Спускаясь после этой работы к себе в лазарет, я застал там следующую картину. Летчик-наблюдатель Алексеев, правая рука Чухновского, и механик Шелагин занимались тем, что из аптечных склянок наливали в изогнутую стеклянную трубочку лекарства всех цветов, глядели на свет и снова выливали. Оказывается, при отправлении им забыли положить креномер[6]). Ничего не оставалось, как сделать его самим.
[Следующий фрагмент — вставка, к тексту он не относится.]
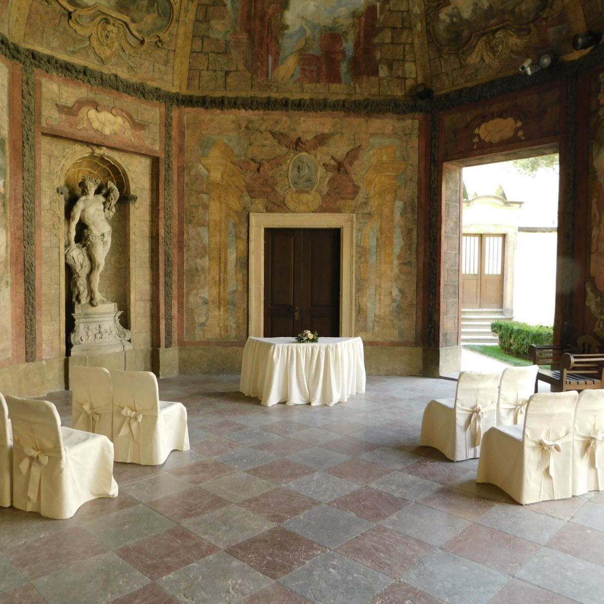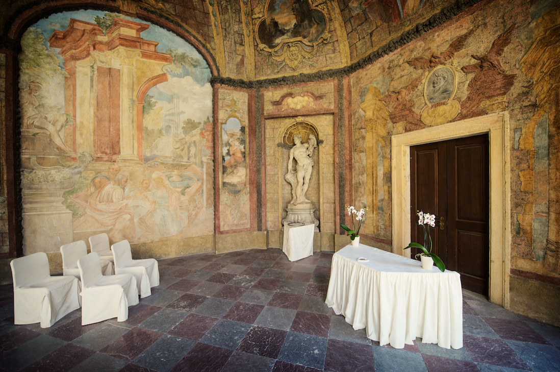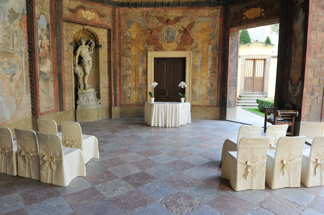 Obřady se konají v romantické sallatereně, která je pokryta a chráněna před deštěm. Obřady také mohou být uspořádány u 1. nebo 2. terasy nebo u fontány.
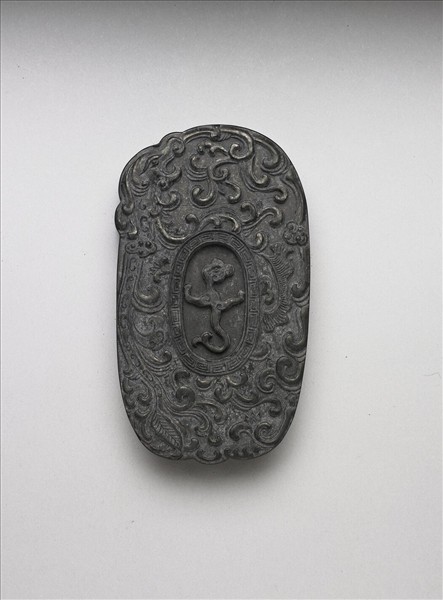 黑墨,近橢圓而類玉佩之形。兩面皆模印一龍飛繞於雲間,墨面中央有一橢圓形開光,開光中皆有一小龍子。墨側有「大清乾隆年製」、「御墨」填金款識。此墨與其他三墨同儲於一盒。
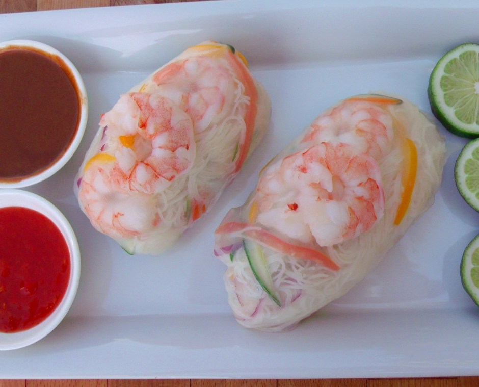 Shrimp And Rice Stick Pillows With Peanut Sauce And Sweet Chili Sauce
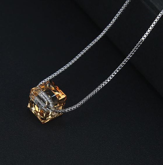 Náhrdelník s príveskom v tvare kocky z kryštálov Swarovski. Materiál retiazky je zliatina zinku a medi. Veľkosť prívesku je 0,8 x 0,8 cm. Váži 7,30 g.
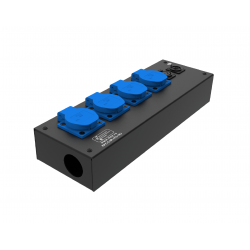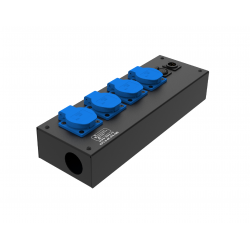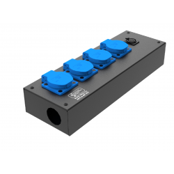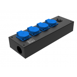 Коробка розеточная ТТС серии КРC стальная прямая. 4 розетки Schuko 16А, 2 разъема XLR 5-pin: female и male. Два отверстия Ø37 мм под трубу. Габариты: 347х116х77 мм. Вес 1,91 кг.
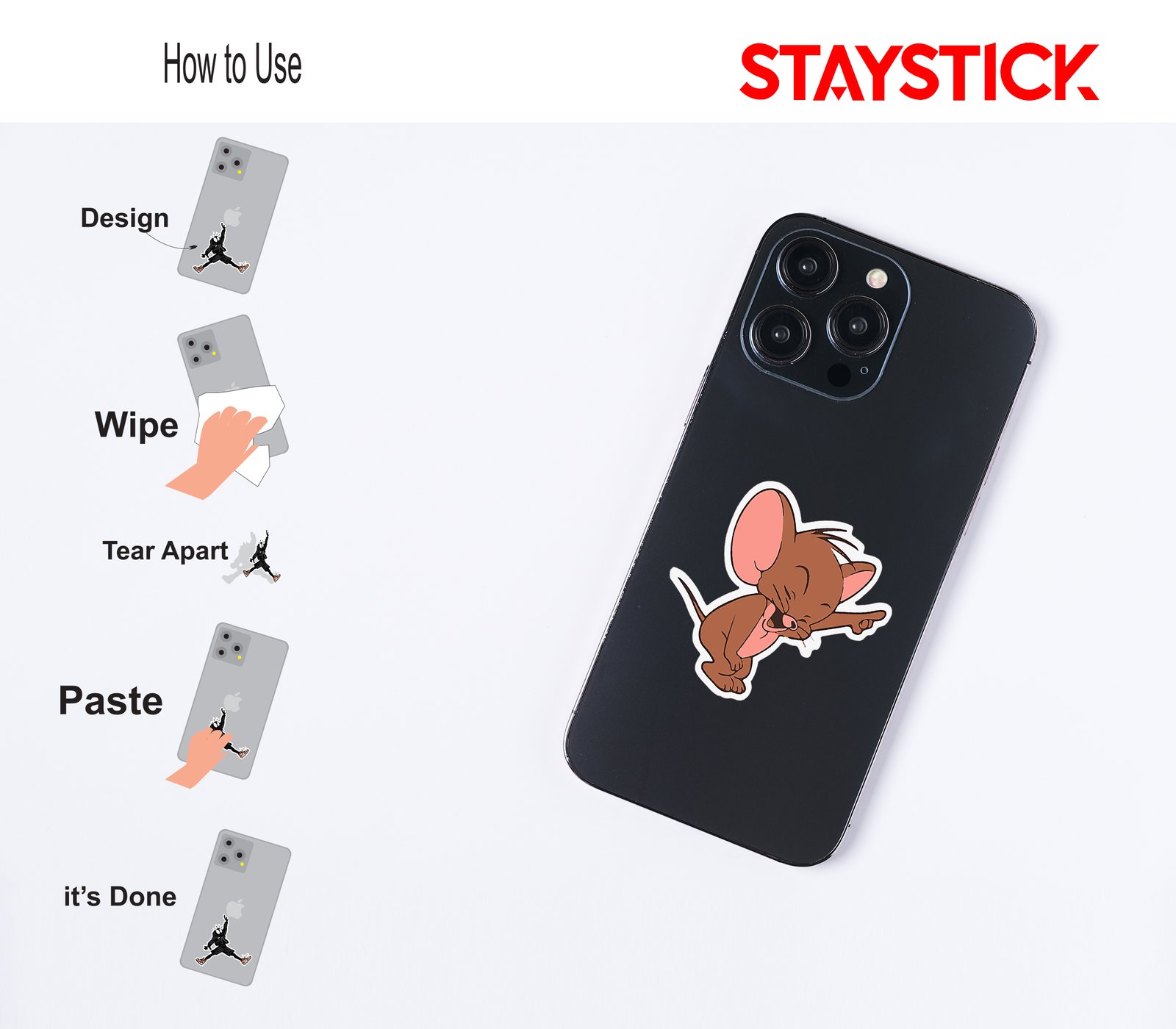 This mobile back sticker is a premium-quality vinyl accessory designed to instantly enhance the look of your smartphone with a touch of fun and nostalgia. Featuring the beloved cartoon character Jerry from the classic series Tom and Jerry, the sticker captures Jerry in a playful dabbing pose, adding a modern, humorous twist to a timeless character. The design is printed with vibrant, fade-resistant colors and a bold white outline, making it stand out beautifully on both light and dark phone surfaces.
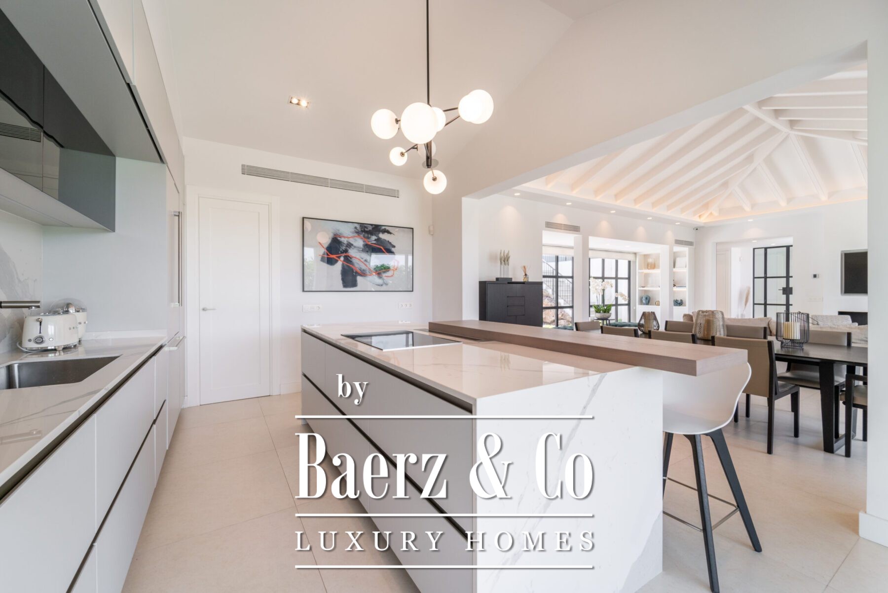 This stunning modern Andalucian villa located in boutique gated community walking distance to Los Naranjos Golf club, offers a modern internal living style, while keeping its Andalucian tiled roof and charm. This beautiful one-level villa set on a south west plot, offers incredible amounts of light and sun all day long.
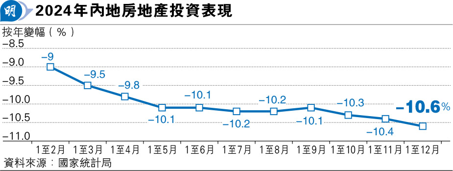 【明報專訊】國家統計局公布,去年全國房地產開發投資近10.03萬億元(人民幣,下同),按年跌10.6%(見圖),創1987年有紀錄以來最大跌幅,跌幅較首11個月擴大0.2個百分點;其中住宅投資約7.6億元,按年跌幅亦達10.5%。內地去年全年新建商品房銷售面積為9.74億平方米,按年跌12.9%,其中住宅銷售面積跌14.1%;新建商品房銷售額96750億元,按年跌17.1%,其中住宅銷售額跌17.6%。
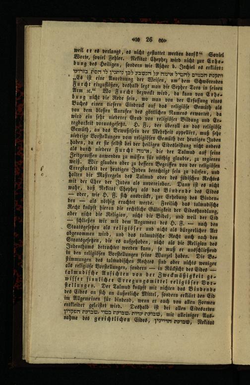 ,, Es ist eine Anordnung der Weisen, um dem Schwörenden Furcht einzuflößen, deshalb legt man die Sepher Tora in seinen Arm c." Wo Furcht bezweckt wird, da kann von Erhebung nicht die Rede sein, wo man von der Erfassung eines Buches einen tiefern Eindruck auf das religiöse Gemüth als von dem bloßen Anrufen des göttlichen Namens erwartet, da wird ein sehr niederer Grad von religiöser Bildung und Erregbarkeit vorausgesetzt. H. F., der überall an das religiöse Gemüth, an das Bewußtsein der Mehrheit appellirt, muß sehr niedrige Vorstellungen vom religiösen Gemüth der heutigen Juden -haben, da er sie selbst bei der heiligen Eidesleistung nicht anders als durch niedere Furcht, die der Talmud auf seine Zeitgenossen anwenden zu müssen für nöthig glaubte, zu regieren weiß. Wir glauben aber zu beffern Begriffen von der religiösen Erregbarkeit der heutigen Juden berechtigt sein zu dürfen, und halten die Maßregeln des Talmud oder des jüdischen Rechtes mit der Ehre der Juden als unvereinbar. Dann ist es nicht wahr, daß Nekitat Chephez als das Bindende des Eides ober, wie H. F. sich ausdrückt, zur Erhebung des Binden ben als nöthig erachtet werde. Freilich das talmudische Recht knüpft hieran die rechtliche Gültigkeit der Eideshandlung, aber nicht die Religion, nicht die Bibel, und weil der Eib
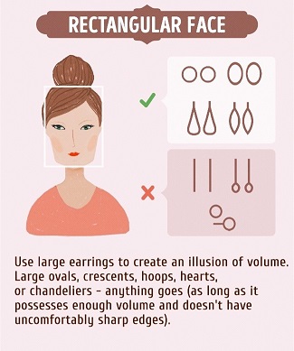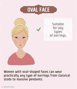这种脸型的人适合大体积的耳环,大的椭圆形的、新月型的、环形、心形、树叶型的。一切体积大但又不会让你感到不适的耳环都是适用的。
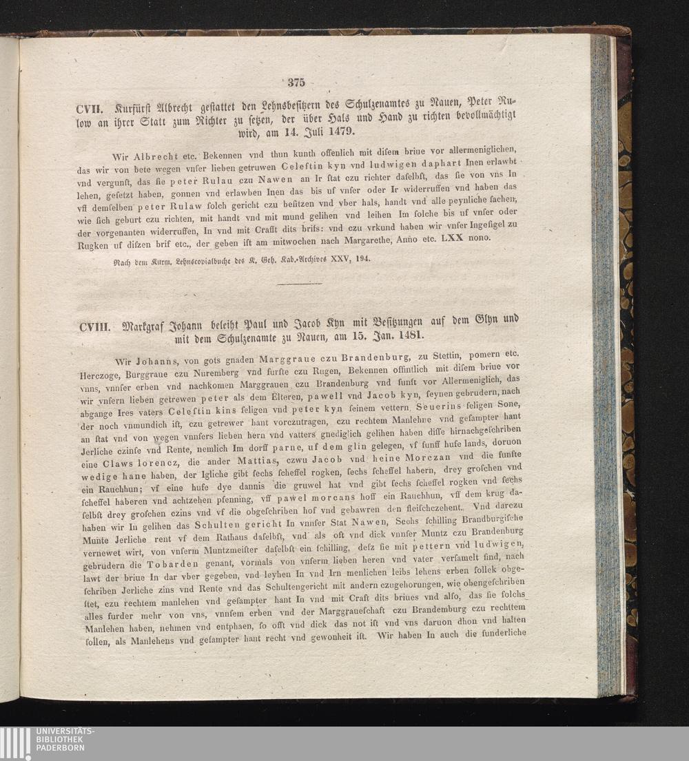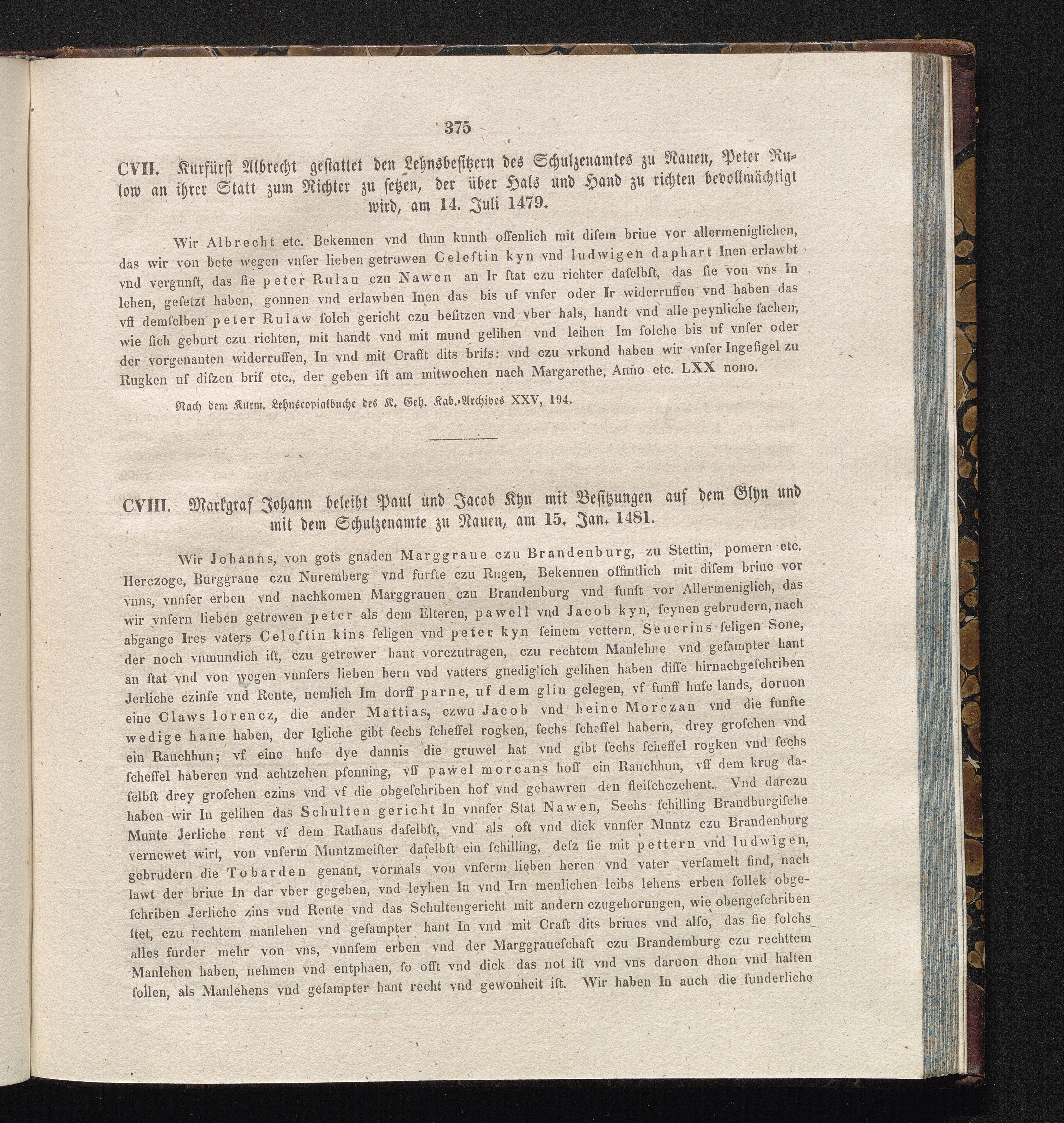 CVIII. Markgraf Johann beleiht Paul und Jacob Kyn mit Besitzungen auf dem Glyn und[...]

Отрезать кусок водомерного стекла, согнуть его на примусе и запаять с одного конца было проще, чем подобрать жидкость, в которой воздушный пузырек был бы достаточно ясно виден и которая в то же время не смачивала бы стекло. Перепробовали все жидкости, и все было одинаково плохо. Наиболее приемлемым оказался темно-коричневый раствор хинной настойки; раствор разбавили спиртом до нужного цвета и налили в трубочку. Прибор был готов. С этим импровизированным креномером и летал Чухновский…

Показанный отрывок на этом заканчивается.